Der Enforcement-Entscheidung liegt der Abschluss einer Finanzinstitution zugrunde, die Kunden im Falle von wirtschaftlichen Schwierigkeiten auch Stundungsvereinbarungen gewährt, die sie ohne Vorliegen von wirtschaftlichen Schwierigkeiten nicht gewährt hätte. Die Erfassung von über die Laufzeit erwarteten Kreditverlusten basierte beim Abschlussersteller insbesondere auf dessen internem Ratingsystem. Nach diesem System führte der Abschluss einer Stundungsvereinbarung nicht zwingend zu einem signifikanten Anstieg des erwarteten Kreditausfallrisikos nach IFRS 9.5.5.3.

Nach Auffassung des Enforcers lösen – aufgrund der Verbindung mit den wirtschaftlichen Schwierigkeiten von Kunden – erwartete und gewährte Stundungsmaßnahmen zumindest einen signifikanten Anstieg des erwarteten Kreditausfallrisikos aus, was zur Erfassung von über die Laufzeit erwarteten Kreditverlusten (lifetime expected credit losses (ECL)) für diese gestundeten finanziellen Vermögenswerte führt.

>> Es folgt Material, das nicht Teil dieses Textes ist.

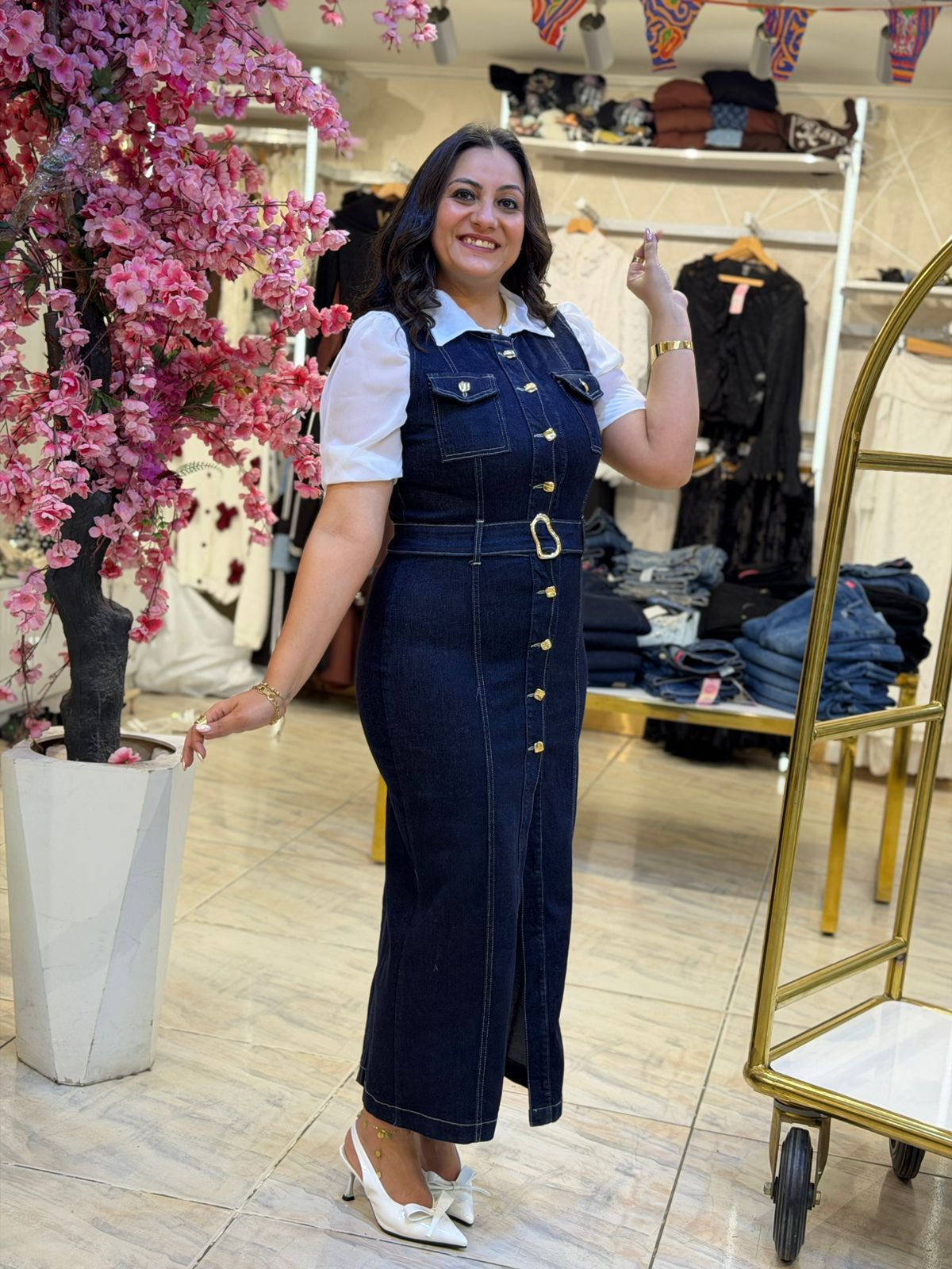 Sleeveless Front Buttons Long Jeans Dress

Darüber hinaus hat der Enforcer den Abschlussersteller verpflichtet, eine Werthaltigkeitsprüfung vorzunehmen, da die finanziellen Schwierigkeiten der Kunden und der entsprechende Abschluss von Stundungsvereinbarungen einen Indikator für eine potentielle Wertminderung darstellen.

Hinweise auf eine Wertminderung von Vermögenswerten (IAS 36, IAS 34)

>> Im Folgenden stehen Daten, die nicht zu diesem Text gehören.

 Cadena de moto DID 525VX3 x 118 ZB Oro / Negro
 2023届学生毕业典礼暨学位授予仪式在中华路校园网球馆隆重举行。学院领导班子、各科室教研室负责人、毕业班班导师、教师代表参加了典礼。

Der Enforcer hat eine unterlassene Wertminderungsprüfung in der Quartalsberichterstattung des Abschlusserstellers, einem Schifffahrtsunternehmen, beanstandet. Entgegen der Auffassung des Unternehmens sah der Enforcer einige Indikatoren für eine Wertminderung als erfüllt an. Der Abschlussersteller sah sich schwierigen Marktbedingungen mit Überkapazitäten ausgesetzt. Dies hatte bereits zu Liquiditätsproblemen beim Abschlussersteller und dazu geführt, dass Verhandlungen mit den Kreditgebern über eine Stundungsvereinbarung aufgenommen wurden. Der Enforcer war u. a. der Auffassung, dass ein erheblich über der Marktkapitalisierung liegender Buchwert des Eigenkapitals einen bedeutenden Indikator für eine potentielle Wertminderung darstellt. So betrug im Sachverhalt der Entscheidung der Marktwert des Eigenkapitals 40 % des Buchwerts des Eigenkapitals. Des Weiteren hat der Enforcer u. a. festgestellt, dass einige Wettbewerber in ihrem Abschluss bereits Wertberichtigungen auf Schiffe vorgenommen hatten. Zudem waren in einigen Fällen die Verluste aus dem Verkauf von Schiffen, auch wenn bezogen auf das Periodenergebnis und die Bilanzsumme unwesentlich, jedoch wesentlich bezogen auf den Buchwert der verkauften Schiffe.